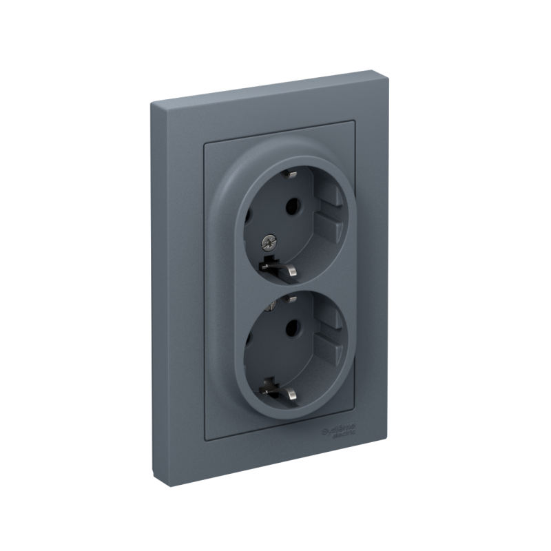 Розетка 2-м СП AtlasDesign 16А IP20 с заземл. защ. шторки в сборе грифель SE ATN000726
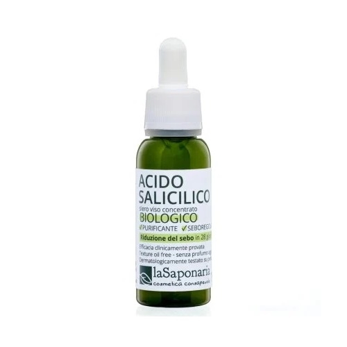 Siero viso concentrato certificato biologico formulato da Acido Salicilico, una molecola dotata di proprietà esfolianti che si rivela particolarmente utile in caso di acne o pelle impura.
============================================================
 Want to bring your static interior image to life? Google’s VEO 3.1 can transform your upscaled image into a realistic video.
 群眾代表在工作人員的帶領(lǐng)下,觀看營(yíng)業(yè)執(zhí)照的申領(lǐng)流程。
============================================================
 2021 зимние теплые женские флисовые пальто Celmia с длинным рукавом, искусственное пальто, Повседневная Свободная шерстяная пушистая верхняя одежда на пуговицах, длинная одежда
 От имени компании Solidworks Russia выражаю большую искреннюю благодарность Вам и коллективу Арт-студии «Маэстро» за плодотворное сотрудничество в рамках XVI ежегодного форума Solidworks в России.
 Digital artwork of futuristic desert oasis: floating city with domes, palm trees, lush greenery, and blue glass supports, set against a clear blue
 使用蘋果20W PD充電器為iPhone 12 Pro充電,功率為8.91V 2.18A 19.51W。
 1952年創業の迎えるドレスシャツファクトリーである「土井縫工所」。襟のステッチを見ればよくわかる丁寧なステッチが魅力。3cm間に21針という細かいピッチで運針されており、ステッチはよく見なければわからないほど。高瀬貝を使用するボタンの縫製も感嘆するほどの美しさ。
============================================================
*What the exercise asks*. Pictures in the material above should be skipped; print exactly the lines from the one with "Розетка 2-м СП" through the one with "Siero viso concentrato".

*Response for this exercise*.
 Розетка 2-м СП AtlasDesign 16А IP20 с заземл. защ. шторки в сборе грифель SE ATN000726
 Siero viso concentrato certificato biologico formulato da Acido Salicilico, una molecola dotata di proprietà esfolianti che si rivela particolarmente utile in caso di acne o pelle impura.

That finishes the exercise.